Please repeat nothing except the lines from the one containing "Bucurați-vă de asamblarea" through the end of the records, exactly and without pictures.

» Data provided:
══════════════════════════════
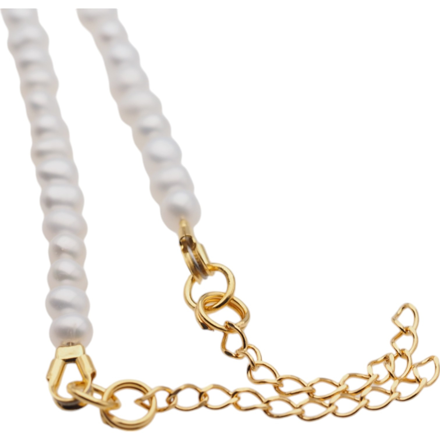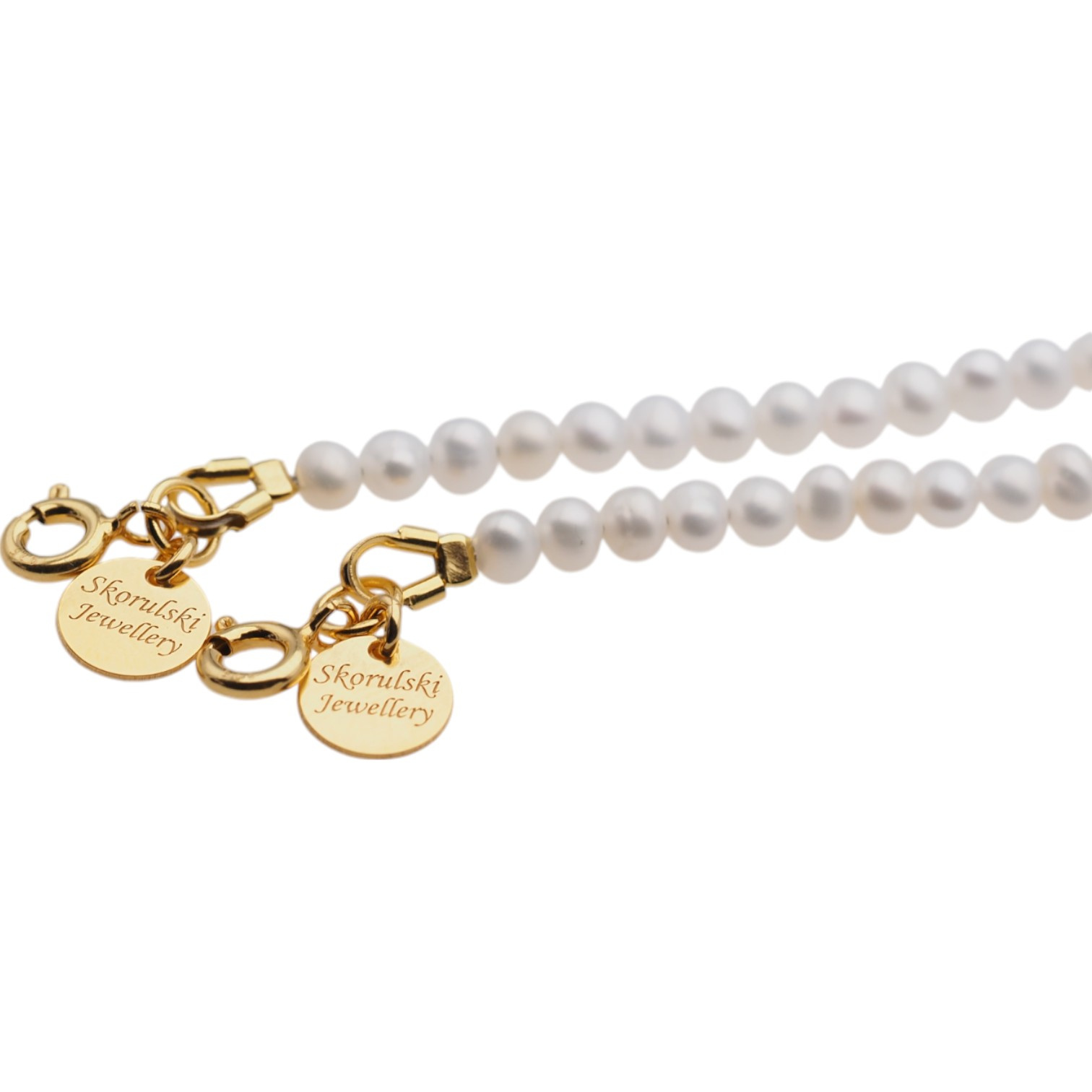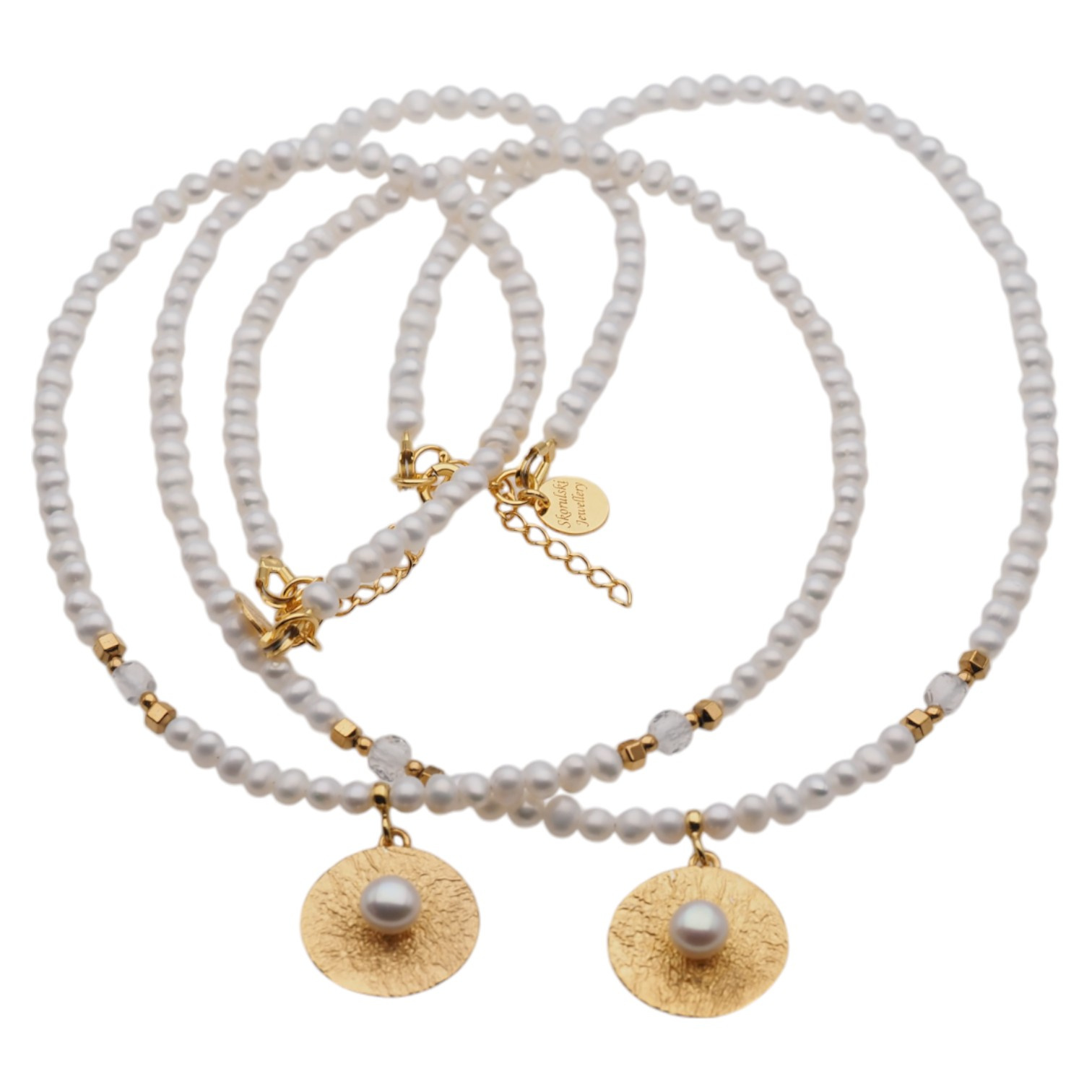 Naszyjnik z młotkowaną blaszką- Białe Perły hodowane i srebro złocone
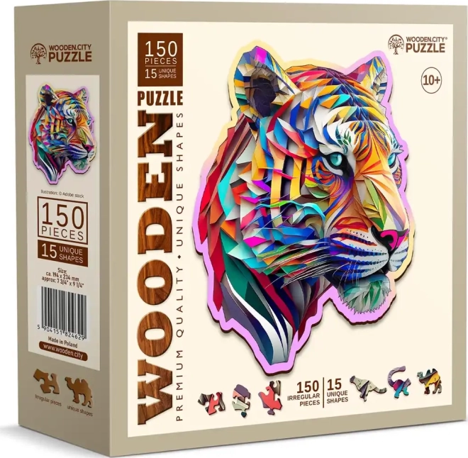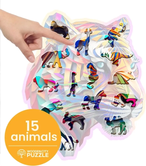 Bucurați-vă de asamblarea unui puzzle din lemn original cu motivul tigrului colorat de la WOODEN CITY. Datorită pieselor cu forme unice, inclusiv siluete de animale, și prelucrării precise cu laser, acest puzzle oferă o dificultate ridicată și o experiență grozavă. Puzzle-ul este eco-friendly, fără ambalaje din plastic, și reprezintă un cadou excelent pentru orice ocazie.
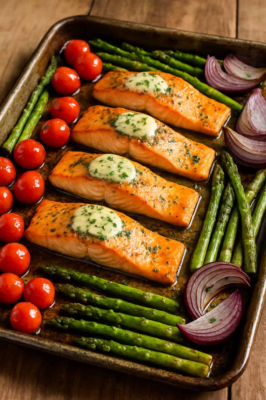 This Sheet Pan Salmon with Garlic Herb Butter is a simple, flavorful, and healthy meal perfect for weeknights. Tender salmon fillets are roasted with fresh vegetables and drizzled with rich, garlicky herb butter for a melt-in-your-mouth experience—all made on one pan for easy cleanup.
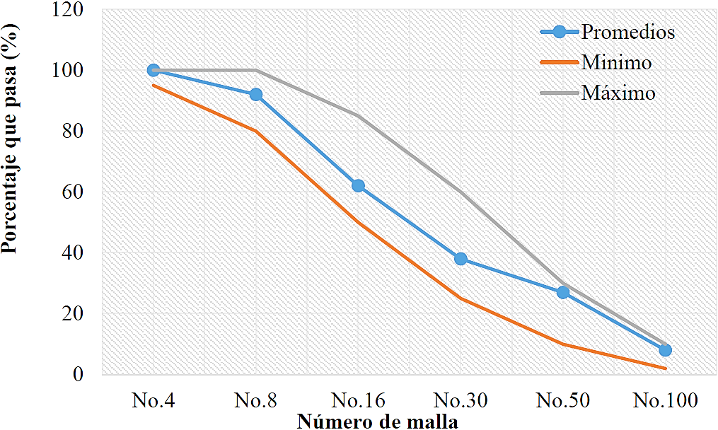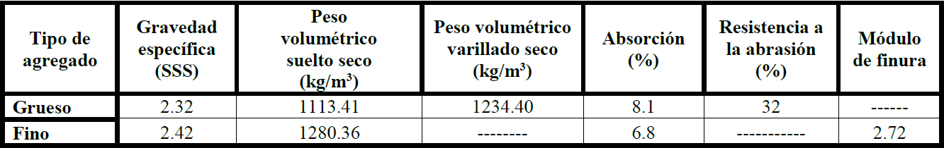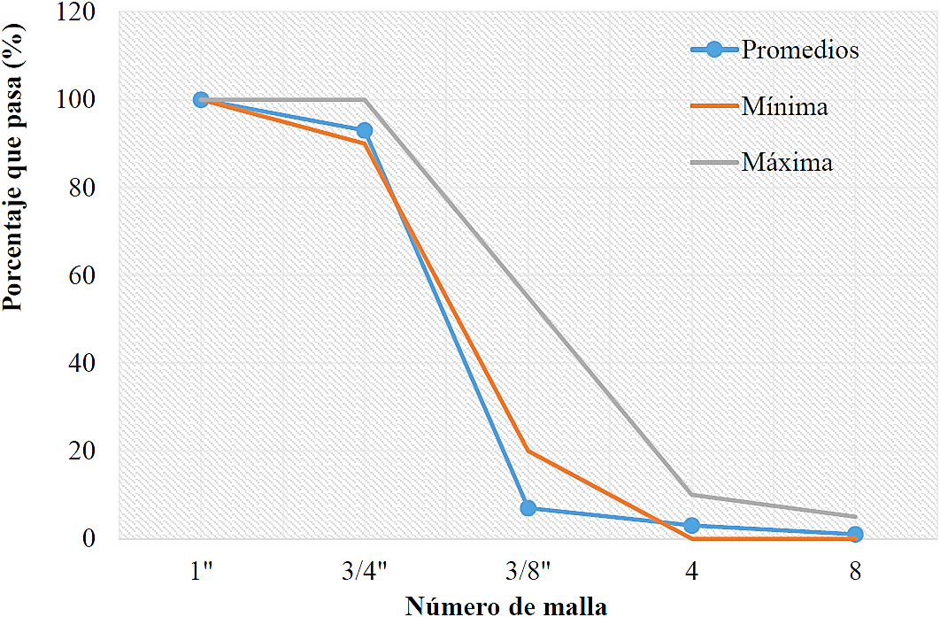 En la Tabla 3 se presenta la caracterización física de los agregados grueso y fino: Peso volumétrico, densidad, absorción, resistencia a la abrasión y módulo de finura. Los valores presentados son el promedio de 3 muestras. En las Figuras 1 y 2 se presentan las granulometrías del agregado grueso y el agregado fino. Se puede observar que solo el agregado fino llega a los estándares especificados por las normas ASTM C33.
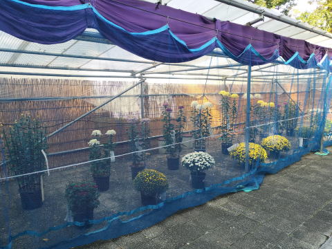 会場で10月号の会報誌が無料で配られていたので、名人たちの「菊花育成だより」を拝見すると、シェード時期は8月中旬頃から開始していることが判明しました。
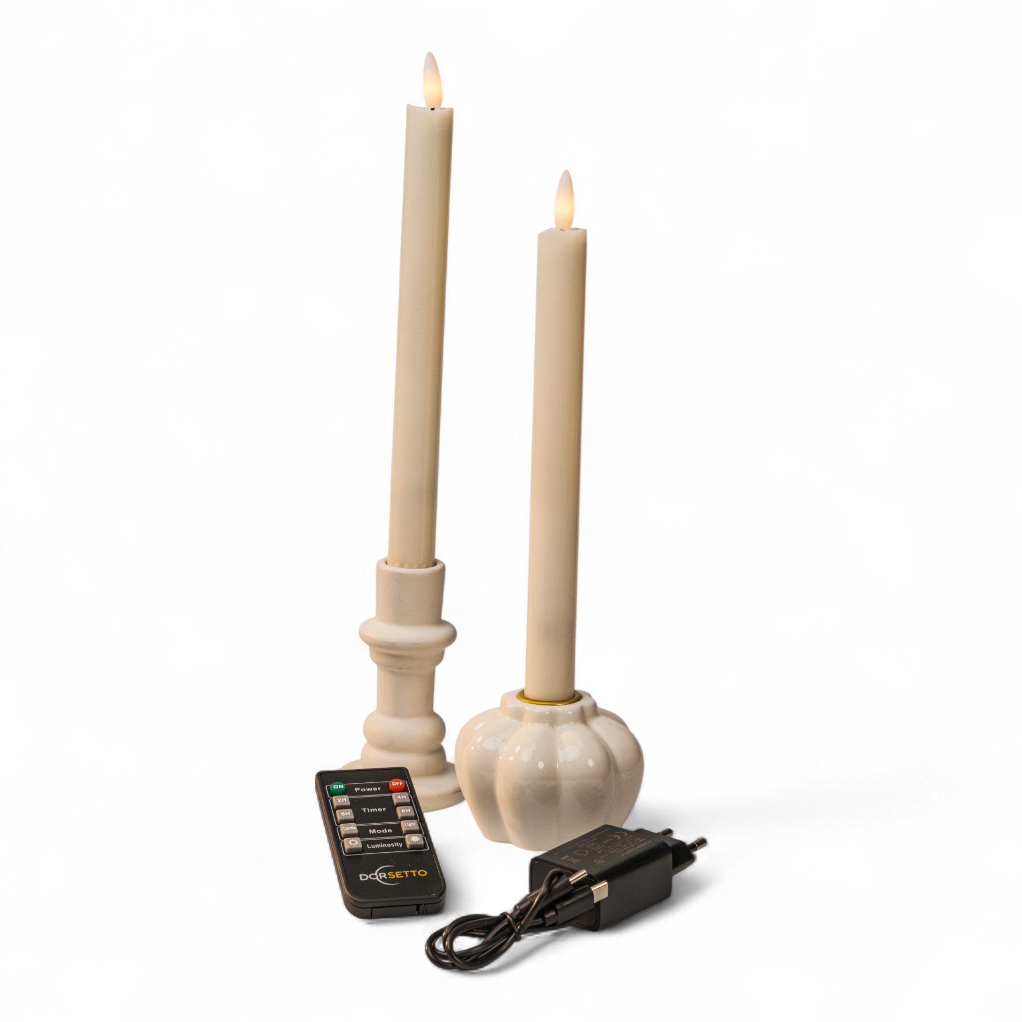 Das Set besteht aus zwei Stabkerzen mit einer Höhe von 250 mm, einer Fernbedienung, einem USB-Ladekabel,
══════════════════════════════
» Response to the task:
 Bucurați-vă de asamblarea unui puzzle din lemn original cu motivul tigrului colorat de la WOODEN CITY. Datorită pieselor cu forme unice, inclusiv siluete de animale, și prelucrării precise cu laser, acest puzzle oferă o dificultate ridicată și o experiență grozavă. Puzzle-ul este eco-friendly, fără ambalaje din plastic, și reprezintă un cadou excelent pentru orice ocazie.
 This Sheet Pan Salmon with Garlic Herb Butter is a simple, flavorful, and healthy meal perfect for weeknights. Tender salmon fillets are roasted with fresh vegetables and drizzled with rich, garlicky herb butter for a melt-in-your-mouth experience—all made on one pan for easy cleanup.
 En la Tabla 3 se presenta la caracterización física de los agregados grueso y fino: Peso volumétrico, densidad, absorción, resistencia a la abrasión y módulo de finura. Los valores presentados son el promedio de 3 muestras. En las Figuras 1 y 2 se presentan las granulometrías del agregado grueso y el agregado fino. Se puede observar que solo el agregado fino llega a los estándares especificados por las normas ASTM C33.
 会場で10月号の会報誌が無料で配られていたので、名人たちの「菊花育成だより」を拝見すると、シェード時期は8月中旬頃から開始していることが判明しました。
 Das Set besteht aus zwei Stabkerzen mit einer Höhe von 250 mm, einer Fernbedienung, einem USB-Ladekabel,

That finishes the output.